═════ MATERIAL FOR THE TASK
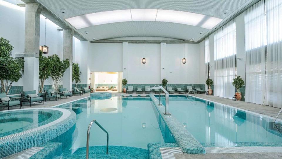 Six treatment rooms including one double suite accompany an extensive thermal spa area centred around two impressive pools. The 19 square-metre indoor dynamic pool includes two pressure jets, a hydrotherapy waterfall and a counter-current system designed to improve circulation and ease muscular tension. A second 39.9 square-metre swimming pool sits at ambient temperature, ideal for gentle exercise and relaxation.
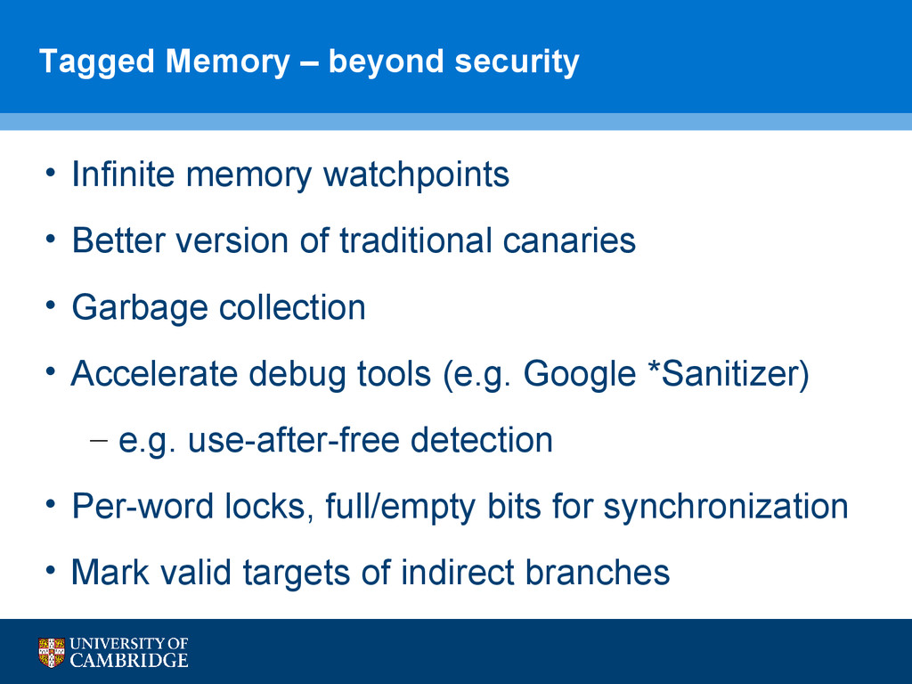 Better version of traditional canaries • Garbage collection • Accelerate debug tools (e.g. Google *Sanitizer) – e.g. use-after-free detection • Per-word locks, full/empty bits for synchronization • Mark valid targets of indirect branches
══════════
═════ MATERIAL FOR THE TASK
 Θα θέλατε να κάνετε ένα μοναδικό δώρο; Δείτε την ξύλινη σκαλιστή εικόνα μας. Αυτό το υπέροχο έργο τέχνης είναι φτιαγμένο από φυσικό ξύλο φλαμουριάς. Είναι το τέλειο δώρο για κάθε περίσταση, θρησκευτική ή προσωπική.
══════════
═════ MATERIAL FOR THE TASK
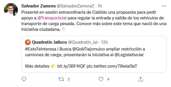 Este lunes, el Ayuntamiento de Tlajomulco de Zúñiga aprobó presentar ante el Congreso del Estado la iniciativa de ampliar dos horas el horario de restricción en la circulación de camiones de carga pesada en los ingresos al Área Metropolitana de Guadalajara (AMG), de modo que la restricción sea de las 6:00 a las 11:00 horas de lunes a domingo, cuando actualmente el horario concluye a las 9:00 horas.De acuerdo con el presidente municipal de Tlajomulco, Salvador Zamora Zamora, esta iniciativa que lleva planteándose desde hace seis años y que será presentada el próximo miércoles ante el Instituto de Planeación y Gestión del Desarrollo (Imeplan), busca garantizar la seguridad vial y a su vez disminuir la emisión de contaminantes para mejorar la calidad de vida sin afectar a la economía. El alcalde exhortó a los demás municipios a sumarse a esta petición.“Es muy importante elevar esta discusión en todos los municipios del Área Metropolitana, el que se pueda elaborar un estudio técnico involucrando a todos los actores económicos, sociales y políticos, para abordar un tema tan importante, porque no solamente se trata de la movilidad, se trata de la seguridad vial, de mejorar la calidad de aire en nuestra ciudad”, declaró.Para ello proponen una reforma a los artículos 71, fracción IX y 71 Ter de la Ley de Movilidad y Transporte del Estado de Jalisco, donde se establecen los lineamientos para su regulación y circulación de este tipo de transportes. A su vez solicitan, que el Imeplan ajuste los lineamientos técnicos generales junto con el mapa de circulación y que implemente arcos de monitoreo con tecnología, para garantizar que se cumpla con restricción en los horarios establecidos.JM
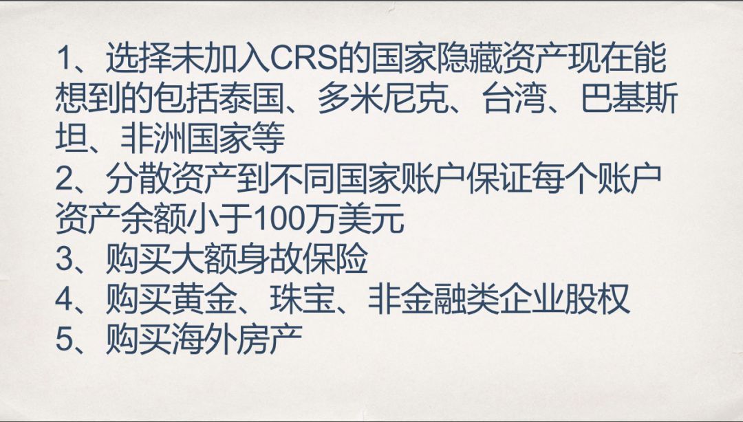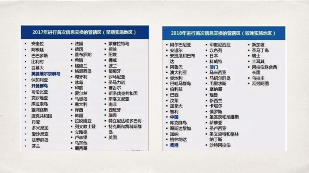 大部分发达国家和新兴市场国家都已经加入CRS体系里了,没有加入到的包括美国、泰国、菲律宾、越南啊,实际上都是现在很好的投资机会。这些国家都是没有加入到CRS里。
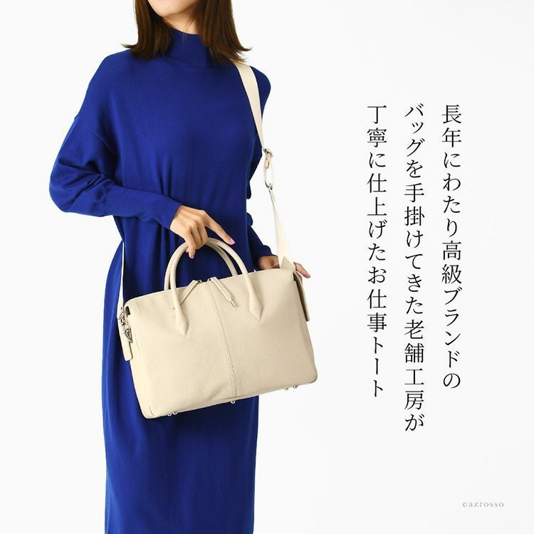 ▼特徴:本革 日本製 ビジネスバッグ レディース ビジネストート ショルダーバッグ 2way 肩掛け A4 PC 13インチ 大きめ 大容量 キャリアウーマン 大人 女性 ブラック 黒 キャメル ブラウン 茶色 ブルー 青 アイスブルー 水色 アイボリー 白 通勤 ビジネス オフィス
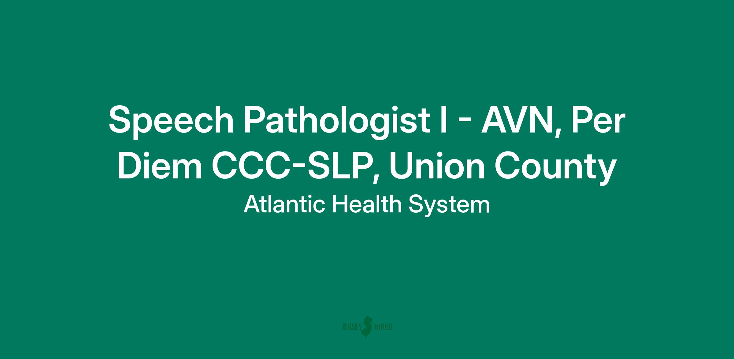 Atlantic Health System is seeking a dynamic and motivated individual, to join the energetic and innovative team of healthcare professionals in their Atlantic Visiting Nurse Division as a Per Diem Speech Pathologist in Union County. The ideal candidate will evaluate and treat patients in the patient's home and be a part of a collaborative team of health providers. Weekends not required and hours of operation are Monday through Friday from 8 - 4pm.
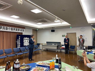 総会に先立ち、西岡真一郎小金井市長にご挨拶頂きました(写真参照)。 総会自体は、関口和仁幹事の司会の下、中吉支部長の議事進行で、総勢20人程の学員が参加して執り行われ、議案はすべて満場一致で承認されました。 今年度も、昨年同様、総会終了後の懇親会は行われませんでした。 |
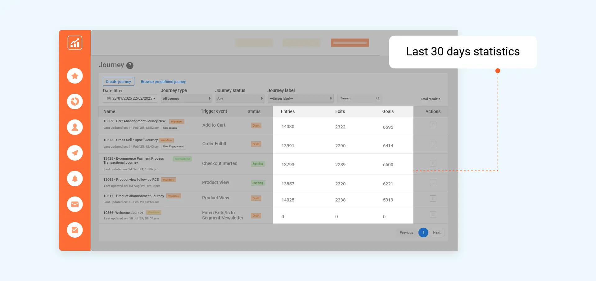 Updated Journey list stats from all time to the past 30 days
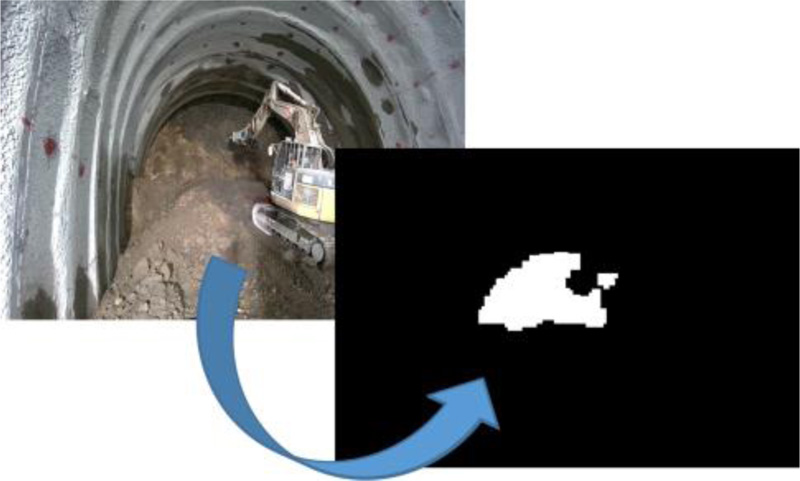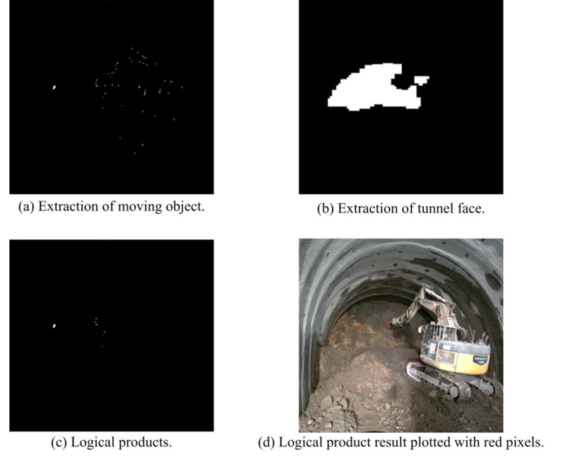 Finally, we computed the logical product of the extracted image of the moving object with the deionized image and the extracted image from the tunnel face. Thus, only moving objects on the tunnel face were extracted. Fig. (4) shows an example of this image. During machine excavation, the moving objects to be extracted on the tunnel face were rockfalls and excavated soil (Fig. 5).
══════════
- WORK INSTRUCTIONS: With the pictures left out, write out exactly the lines above from the one containing "Six treatment rooms" through the one containing "Better version of".

- YOUR RESPONSE:
 Six treatment rooms including one double suite accompany an extensive thermal spa area centred around two impressive pools. The 19 square-metre indoor dynamic pool includes two pressure jets, a hydrotherapy waterfall and a counter-current system designed to improve circulation and ease muscular tension. A second 39.9 square-metre swimming pool sits at ambient temperature, ideal for gentle exercise and relaxation.
 Better version of traditional canaries • Garbage collection • Accelerate debug tools (e.g. Google *Sanitizer) – e.g. use-after-free detection • Per-word locks, full/empty bits for synchronization • Mark valid targets of indirect branches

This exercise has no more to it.